We conducted our audit in accordance with the standards of the Public Company Accounting Oversight Board (United States).
Those standards require that we plan and perform the audit to obtain reasonable assurance about whether effective internal control over
financial reporting was maintained in all material respects. Our audit included obtaining an understanding of internal control over
financial reporting, assessing the risk that a material weakness exists, and testing and evaluating the design and operating effectiveness of
internal control based on the assessed risk. Our audit also included performing such other procedures as we considered necessary in the
circumstances. We believe that our audit provides a reasonable basis for our opinion.

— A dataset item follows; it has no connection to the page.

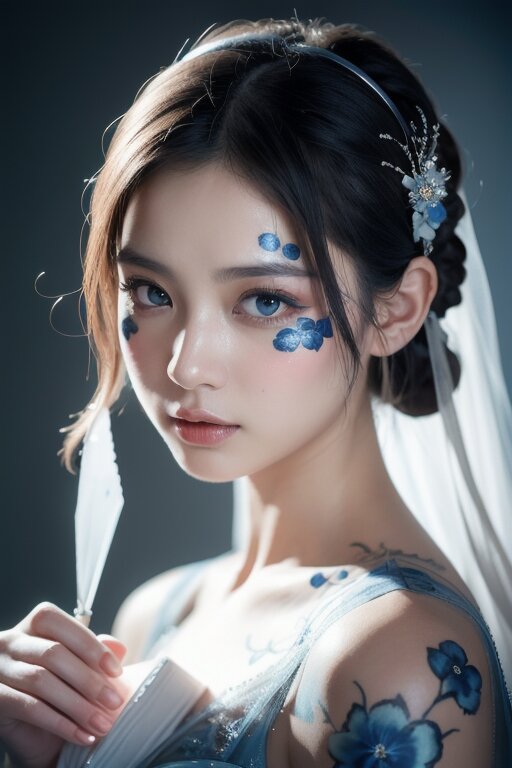 Line art,splatter,minimalist elegance,beautiful blue enchantress rose fairy, Tang Dynasty royal face ancient style beauty, high-definition fashion photography,high-end,ambiguous atmosphere, a woman, painted blue flowers on her face, blue flowers, on her face, looking at viewer, in the style of anime art, luminous and dreamlike scenes, made of crystals, light white and silver, cute and dreamy, in the style of china punk,romantic scenery,animated gift, photo-realistic hyperbole,dark white and dark beige,strip painting, Bright background,detailed depiction, Delicate face and costume details, lifelike appearance HD 16K,cinematic lighting, chiaroscuro,Arbitrary view,Medium Shot, hyper realism,Hollywood style,photography,HD Details,Detail Expression,Rich Details,

A company’s internal control over financial reporting is a process designed to provide reasonable assurance regarding the reliability
of financial reporting and the preparation of financial statements for external purposes in accordance with generally accepted accounting
principles. A company’s internal control over financial reporting includes those policies and procedures that (1) pertain to the maintenance
of records that, in reasonable detail, accurately and fairly reflect the transactions and dispositions of the assets of the company;
(2) provide reasonable assurance that transactions are recorded as necessary to permit preparation of financial statements in accordance
with generally accepted accounting principles, and that receipts and expenditures of the company are being made only in accordance with
authorizations of management and directors of the company; and (3) provide reasonable assurance regarding prevention or timely
detection of unauthorized acquisition, use, or disposition of the company’s assets that could have a material effect on the financial
statements.
Because of its inherent limitations, internal control over financial reporting may not prevent or detect misstatements. Also,
projections of any evaluation of effectiveness to future periods are subject to the risk that controls may become inadequate because of
changes in conditions, or that the degree of compliance with the policies or procedures may deteriorate.
A material weakness is a deficiency, or a combination of deficiencies, in internal control over financial reporting, such that there is a
reasonable possibility that a material misstatement of the company’s annual or interim financial statements will not be prevented or
detected on a timely basis. The following material weakness has been identified and included in management’s assessment: management
oversight and review procedures designed to monitor the effectiveness of control activities in the northern New England division were
ineffective. We also have audited, in accordance with the standards of the Public Company Accounting Oversight Board (United States),
the consolidated balance sheets of FairPoint Communications, Inc. and subsidiaries as of December 31, 2007 and 2006, and the related
consolidated statements of operations, stockholders’ equity (deficit), comprehensive (loss) income, and cash flows for each of the years
in the three-year period ended December 31, 2007. This material weakness was considered in determining the nature, timing, and extent of
audit tests applied in our audit of the 2007 consolidated financial statements, and this report does not affect our report dated February 28,
2008, which expressed an unqualified opinion on those consolidated financial statements.